> [Description of the task] Return all the lines below exactly as written. Drop every picture.

> [Given information]
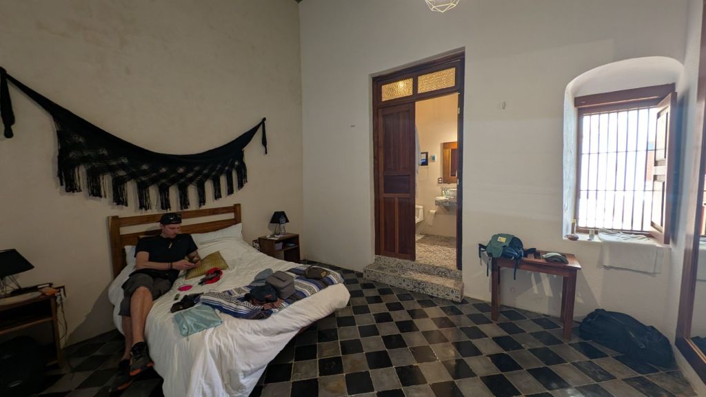 The bus dropped us outside of the centre and so we got a taxi towards our hotel. The place we’d booked in Campeche was a bit of a “splurge” (ish). It was a bit of a nicer boutique hotel with rooftop pool, but I’d managed to get it super discounted on Hotels.com, plus used a cashback site, so it was still only £34 a night! Plus it meant we could stay inside the walls of the old town, where all the cool stuff is in Campeche.
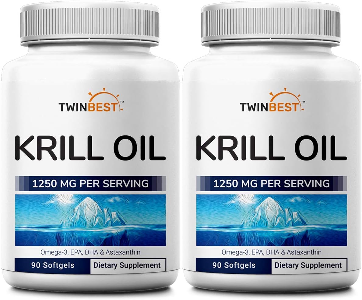 Twinbest Antarctic Krill Oil Softgels, 2-Pack, 1000mg Per Serving, 180
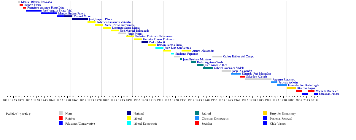 18 February 1830 | 1 April 1830 | style="background-color:قالب:Pelucones/meta/color"| | Pelucones | — | Provisional President. Resigned. | José Tomás Ovalle y Bezanilla | |
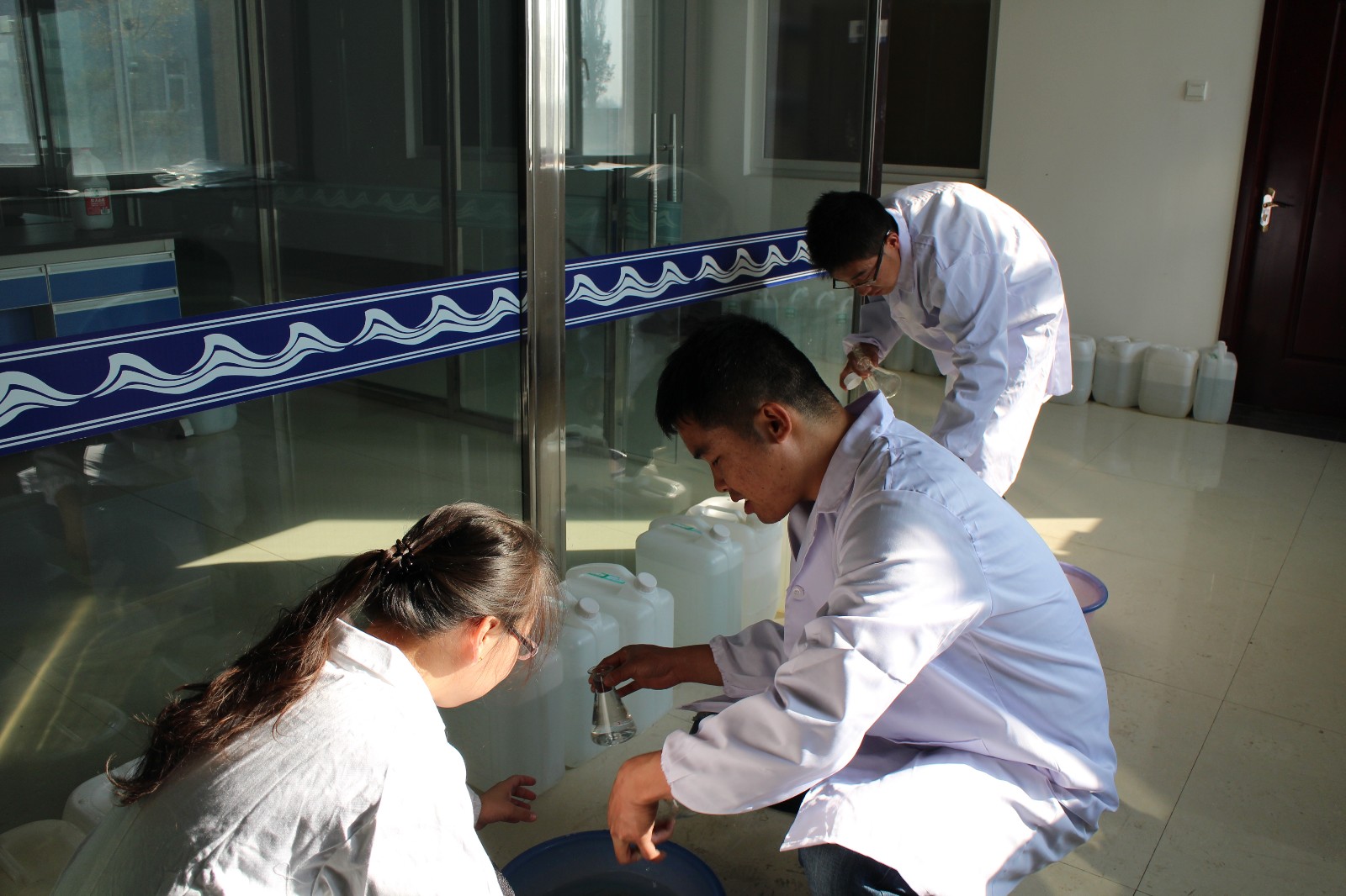 實驗人員采集水樣準(zhǔn)備進(jìn)行檢測
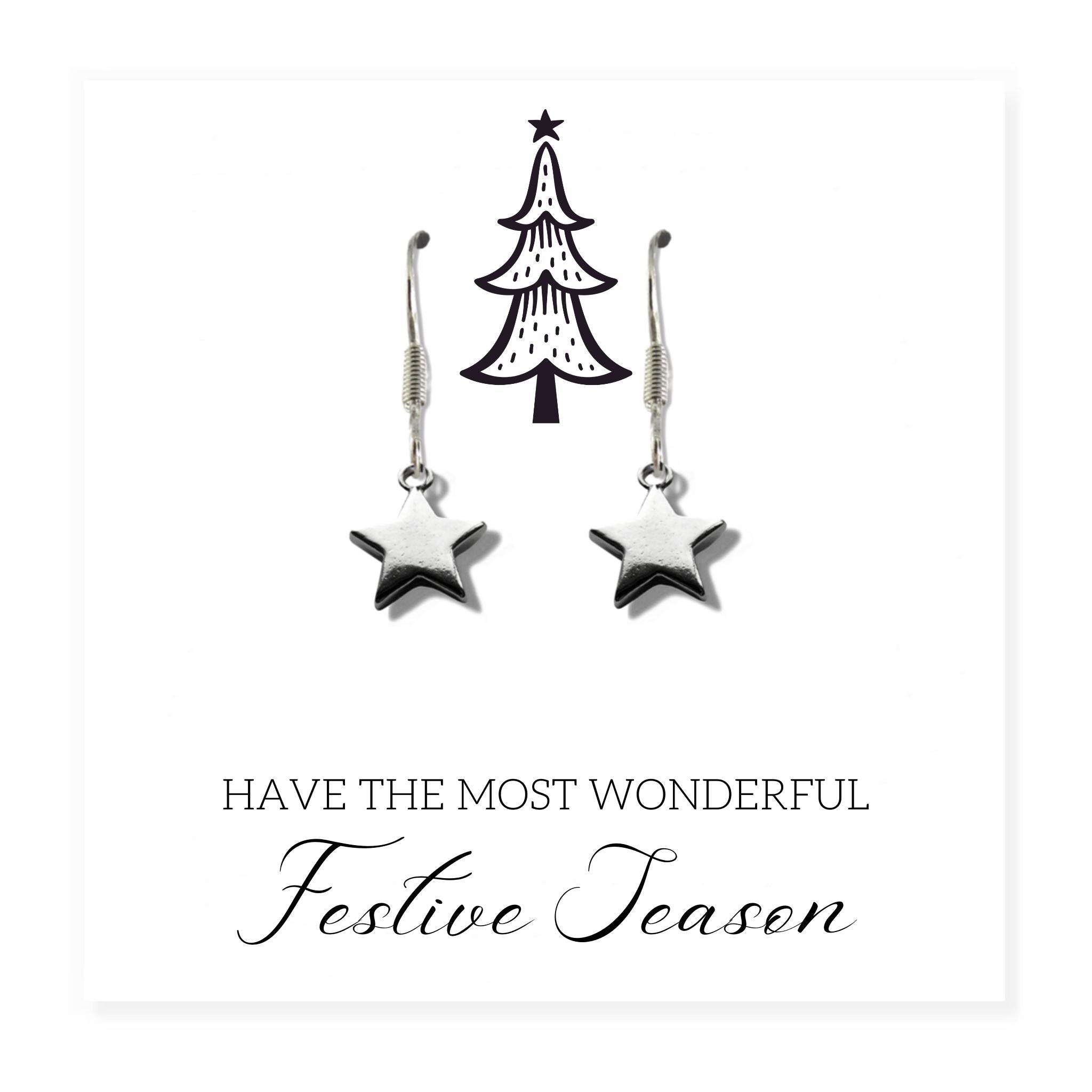 Are you looking for a great Christmas gift? Well we have these lovely silver star earrings that come on a message card with the words "Have the most wonderful. Festive Season". They are sent in a lovely black gift box making this a great Christmas gift for your mum, best friend, auntie, neighbour, secret Santa, sister and are a great idea for teachers too. The card has a small space for you write a little note or can be left blank.
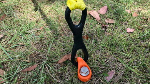 The Hook Collar is specially designed to easily attach the Ground Dog screw in peg to the Safety Spring. It can also be used as a locking nut when the ground is too hard. The Ground Dog screw in peg comes with the Hook Collar included but the Hook Collar can also be brought here individually.  Learn more.
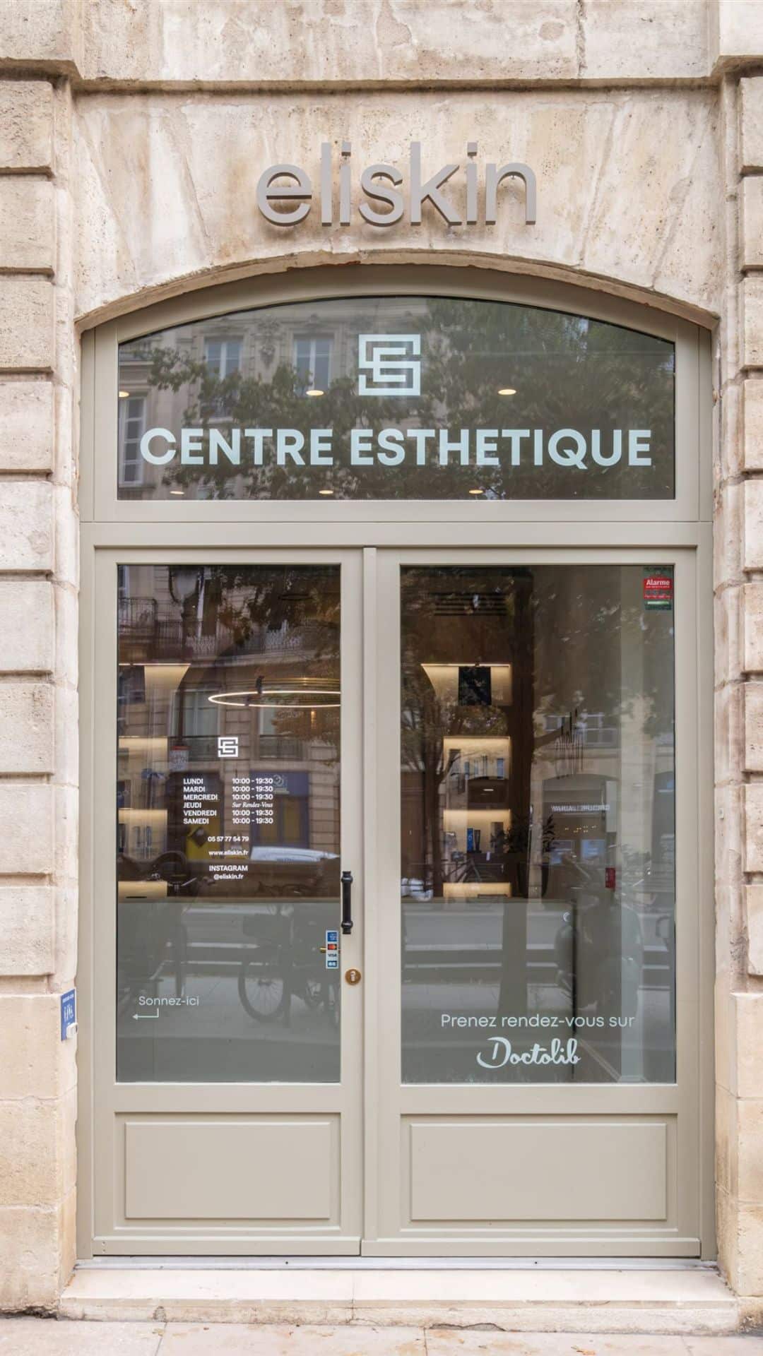 Entrée du cabinet d'esthétique eliskin, quartier Triangle d'Or Bordeaux

> [The answer]
 The bus dropped us outside of the centre and so we got a taxi towards our hotel. The place we’d booked in Campeche was a bit of a “splurge” (ish). It was a bit of a nicer boutique hotel with rooftop pool, but I’d managed to get it super discounted on Hotels.com, plus used a cashback site, so it was still only £34 a night! Plus it meant we could stay inside the walls of the old town, where all the cool stuff is in Campeche.
 Twinbest Antarctic Krill Oil Softgels, 2-Pack, 1000mg Per Serving, 180
 18 February 1830 | 1 April 1830 | style="background-color:قالب:Pelucones/meta/color"| | Pelucones | — | Provisional President. Resigned. | José Tomás Ovalle y Bezanilla | |
 實驗人員采集水樣準(zhǔn)備進(jìn)行檢測
 Are you looking for a great Christmas gift? Well we have these lovely silver star earrings that come on a message card with the words "Have the most wonderful. Festive Season". They are sent in a lovely black gift box making this a great Christmas gift for your mum, best friend, auntie, neighbour, secret Santa, sister and are a great idea for teachers too. The card has a small space for you write a little note or can be left blank.
 The Hook Collar is specially designed to easily attach the Ground Dog screw in peg to the Safety Spring. It can also be used as a locking nut when the ground is too hard. The Ground Dog screw in peg comes with the Hook Collar included but the Hook Collar can also be brought here individually.  Learn more.
 Entrée du cabinet d'esthétique eliskin, quartier Triangle d'Or Bordeaux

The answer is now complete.